In Part One of this series the history of schizophrenia was briefly discussed (click here for part one). I now briefly discuss symptoms and diagnosis.

Current Diagnostic Issues with Schizophrenia

In the current version of the Diagnostic and Statistical Manual of Mental Disorders (DSM-IV-TR) schizophrenia has now been divided into five subcategories (APA, 2000). These subtypes are defined based on the presence of positive symptoms (excesses) or negative symptoms (deficits) of behavior in the presentation of the disorder.

Positive Symptoms

Positive symptoms are psychotic behaviors (a loss of touch with what is real). The positive symptoms in schizophrenia include (Cohen, 2003; Sadock & Sadock, 2007):

  1. Hallucinations are sensory distortions. Often the person will hear, see, smell, or feel things that others do not. Auditory hallucinations are the most common type of hallucination in schizophrenia, and these most often consist of hearing voices that no one else can hear. These voices might talk to the person, tell them things, order the person, talk to each other, etc. Other common types of schizophrenic hallucinations include seeing people or objects, smelling odors, or feeling things like bugs crawling on the skin or being touched by someone or something who is not there.
  2. Delusions are very strong “false” beliefs. Often the person will still adhere to the belief even after being shown that it is not true or it is illogical. People with schizophrenia will often express seemingly bizarre beliefs such as believing that aliens or the government can control their behavior through a television or other means. Other common delusions include the belief that people on television or the radio are directing messages to them or are broadcasting their thoughts aloud to others. Paranoid delusions or delusions of persecution include the belief that others are trying to harm them, cheat them, spy on them, harass them, or plot against them. Delusions of grandeur include the belief that one is an extremely important person like a messiah or that they are a famous historical figure.
  3. Thought disorders are dysfunctional ways of thinking. Several common forms of thought disorders are often seen in people with schizophrenia. Disorganized thinking occurs when the person cannot organize their thoughts or connect them in a logical and meaningful manner (sometimes called a flight of ideas). Thought disordered individuals often make up meaningless words (called neologisms). Thought blocking occurs when a person stops speaking abruptly in the middle of a sentence or in a specific train of thought. When asked why they stopped the person will often report that the thought had been removed from their head.
  4. Movement disorders can present as disorganized or repetitive agitated body movements.

Negative Symptoms

Negative symptoms consist of disruptions to one’s emotions and motivations. Often these types of symptoms are often mistaken for depression or other conditions. Negative symptoms include (Cohen, 2003; Sadock & Sadock, 2007):

  1. Flat affect: a person does not express emotion or she talks in a dull or monotone voice.
  2. Anhedonia: an inability to experience pleasure in one’s activities.
  3. Amotivation: an inability to begin, plan, and sustain activities.
  4. Poverty of thought: observed as a poverty of speech which is speaking very little or being mute even when the person is forced to interact with others.
  5. At the other end of the spectrum from agitation and hyperactive movements, catatonia occurs when the person does not move and does not respond. People may spend prolonged periods of time in odd stances. Catatonia is rare nowadays.

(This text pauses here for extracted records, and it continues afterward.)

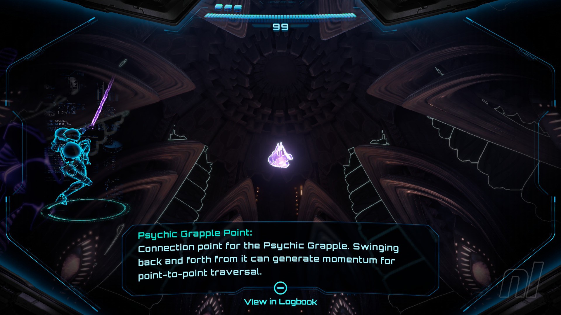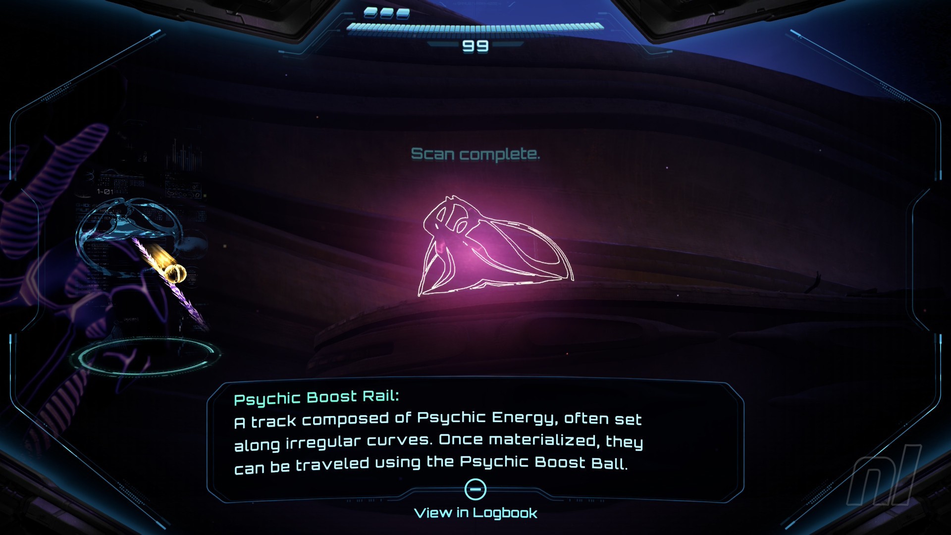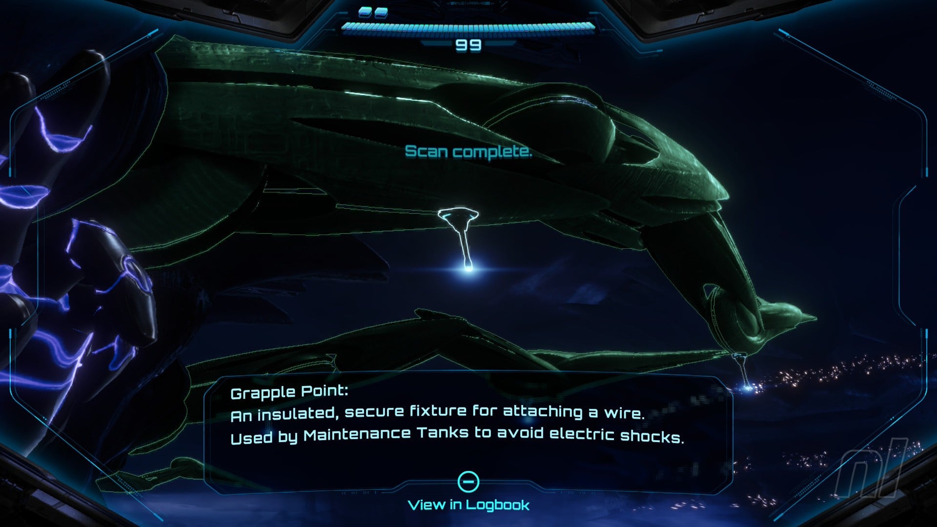 Up above, you'll see what looks like a familiar Spider Rail from the rest of the Metroid series. Scan it!
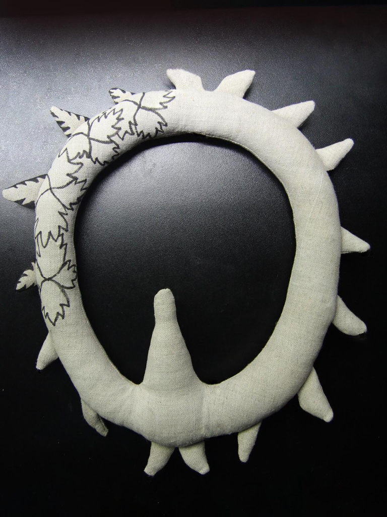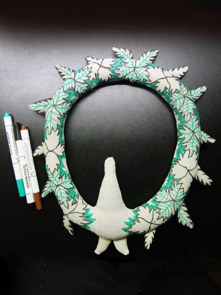 Выварочваем вянок на вонкавы бок, набіваем шчыльна сінтэпонам і пачынаем размалёўваць яго маркерамі па тканіне.
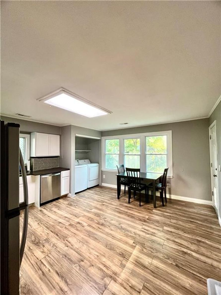 Step into this charming, updated, beautifully refreshed home that blends modern comfort with unbeatable convenience. The covered front porch and the blue siding create great curb appeal. This property features a fully wooden privacy-fenced backyard, perfect for pets, gatherings, or quiet evenings...
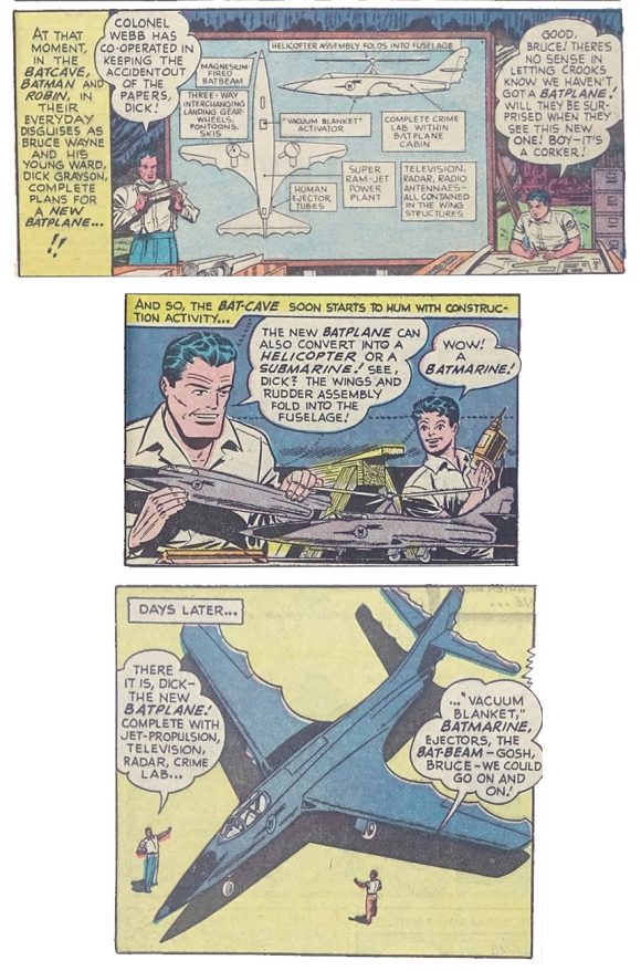 8. Batplane II. Not content to modernize just the Batmobile (see below), Sprang, along with writer David V. Reed and inker Charles Paris, brought Batman’s often-used flying vehicle into the jet age in Batman #61 (Oct./Nov. 1950). The previous model’s bat-head and perpendicular wings were traded in for a sharp nose with a painted bat-head motif and swept-back wings.
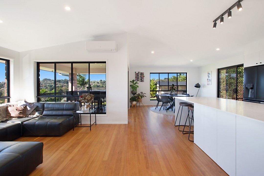 Elevated on a private 1356m2 (approx) block this stunning home is north facing with views. The indoor and outdoor entertaining areas make this the perfect functional family home.
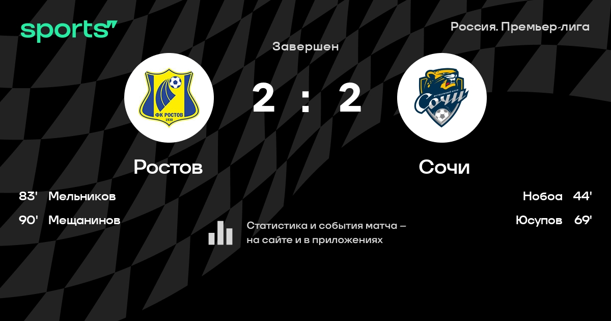 Ростов – Сочи: Сочи не проигрывает в 5 последних матчах против этого соперника
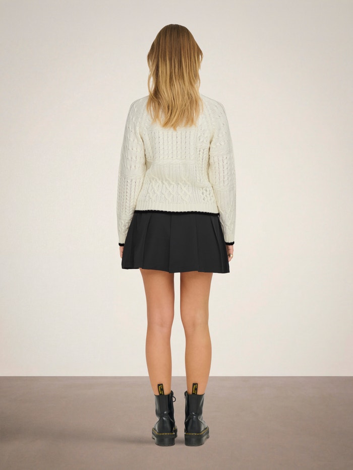 Struktūrinis mezgimas pasižymi plačiu raštų ir struktūrų asortimentu, sukuriančiu stilingą, švarų vaizdą.

People with negative symptoms need help to complete everyday tasks and will often neglect basic personal hygiene. This may make appear lazy or unwilling to help themselves, but these problems are due to the symptoms of schizophrenia.

Cognitive issues in schizophrenia have to do with attention, executive functions, working memory, and other “frontal” brain issues.

DSM-IV-TR Diagnostic Categories

The five subtypes are schizophrenia are (APA, 2000):

(1) Paranoid schizophrenics fit the common conceptualization of schizophrenia with defining characteristic is the auditory (most often) or visual hallucinations. Paranoid schizophrenics tend to have hallucinations (alterations of perception) or delusions (alternations of beliefs) based upon common themes.

(2) Disorganized schizophrenics experience fewer hallucinations, but instead experience difficulty with everyday activities, personal hygiene, expressive language, and emotional regulation.

(3) Catatonic schizophrenics experience difficulties with immobility and muscular rigidity often remaining in the same position or displaying periods of hyperactivity.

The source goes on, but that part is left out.